A defendant in a criminal case has the right to a speedy trial. (Townsend v. Superior Court (1975) 15 Cal.3d 774, 784.) This includes the statutory right to be tried within 60 days of the date of the arraignment. (§ 1382, subd. (a)(2).) But where the defendant's counsel needs more time to adequately prepare for trial a court may grant a continuance beyond the 60-day limit. It may do so over the defendant's objection if counsel is acting in the defendant's best interest. (Townsend, at p. 784.)
Here Austin's trial counsel said he had received hundreds of pages of recent discovery and he needed more time to "adequately prepare." The trial court found he sought the continuance to protect Austin's "fair trial rights." There was no error. (Townsend v. Superior Court, supra, 15 Cal.3d at p. 784.)
II. The Wheeler/Batson Motion
Austin contends the prosecutor exercised peremptory challenges to remove all African-Americans from the jury and the trial court erred by not granting his Wheeler/Batson motion. (People v. Wheeler (1978) 22 Cal.3d 258; Batson v. Kentucky (1986) 476 U.S. 79.) We disagree.
"Under Wheeler and Batson, if a party believes his opponent is improperly using peremptory challenges for a discriminatory purpose, he must raise a timely challenge and make a prima facie case of such discrimination. Once a prima facie case has been shown, the burden shifts to the other party to come forward with an explanation that demonstrates a neutral explanation related to the particular case . . . ." (People v. Johnson (1989) 47 Cal.3d 1194, 1216.) The prosecutor must articulate valid non-discriminatory reasons for the peremptory challenges. He or she may not rely on "sham excuses belatedly contrived to avoid admitting acts of group discrimination." (People v. Barber (1988) 200 Cal.App.3d 378, 396.)
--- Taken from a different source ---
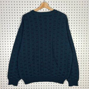 David Taylor Chunky Knit Sweater Size XL Navy Blue Grandpa 90s Chain Knit Cable

Austin claims juror M.S., an African-American, was improperly excused by the prosecutor because she and Austin were of the same race. We disagree. The trial court found the prosecutor had valid non-discriminatory reasons to excuse her.
Juror M.S., a psychotherapist, had worked with Glen Mowrer, the former public defender, in social settings and on a community project. She, Mowrer and others had decided to form an ad hoc "citizens police review board" so there would be "some place where citizens could go to complain other than the police department." She had been in "adversarial positions with law enforcement” and had "gone to the mat against . . . police officers." She had managed a rape crisis center and had confronted police officers who had negative attitudes about the feminists who worked there. The prosecutor properly excused her based on her negative experiences with law enforcement. (People v. Guerra (2006) 37 Cal.4th 1067, 1102.)
Austin claims the prosecutor improperly excused juror T.M. But the court found he did not show that juror T.M. "was African American" and there were proper grounds to excuse her. Juror T.M. testified that her sons had recently been charged with drug offenses and they were being represented by the public defender. The prosecutor had valid neutral grounds to excuse her because of the current criminal case against her sons. (People v. Jurado (2006) 38 Cal.4th 72, 105.)
III. Excluding Austin's Statement To His Mother
Austin claims the trial court erred by excluding his mother's testimony about a statement he made to her on the night of the robbery. We disagree.
Austin's mother was an alibi witness. She testified that Austin went to her home at 10:00 p.m. the night of the robbery and stayed there for half an hour. Her home was at least 40 miles away from the crime scene. To support her testimony about when he was there Austin wanted his mother to testify about a statement he made to her. That statement was that he went to her house because he needed to pick up clothes for his job the next day. The trial court ruled the statement was being "offered for the truth of the matter" and it was inadmissible hearsay.
Austin has not shown error. Admitting the statement would allow Austin to explain his intentions on the night of the robbery to bolster his alibi defense without testifying. (People v. Williams (1957) 151 Cal.App.2d 173, 189 ["reason for denying a defendant the right to introduce . . . his exculpatory declaration is that if he were permitted to do so he would be presenting his testimony . . . without taking the witness stand."].) "Self-serving extrajudicial declarations by criminal defendants are inadmissible to prove the truth of what was said." (People v. Clay (1984) 153 Cal.App.3d 433, 457.)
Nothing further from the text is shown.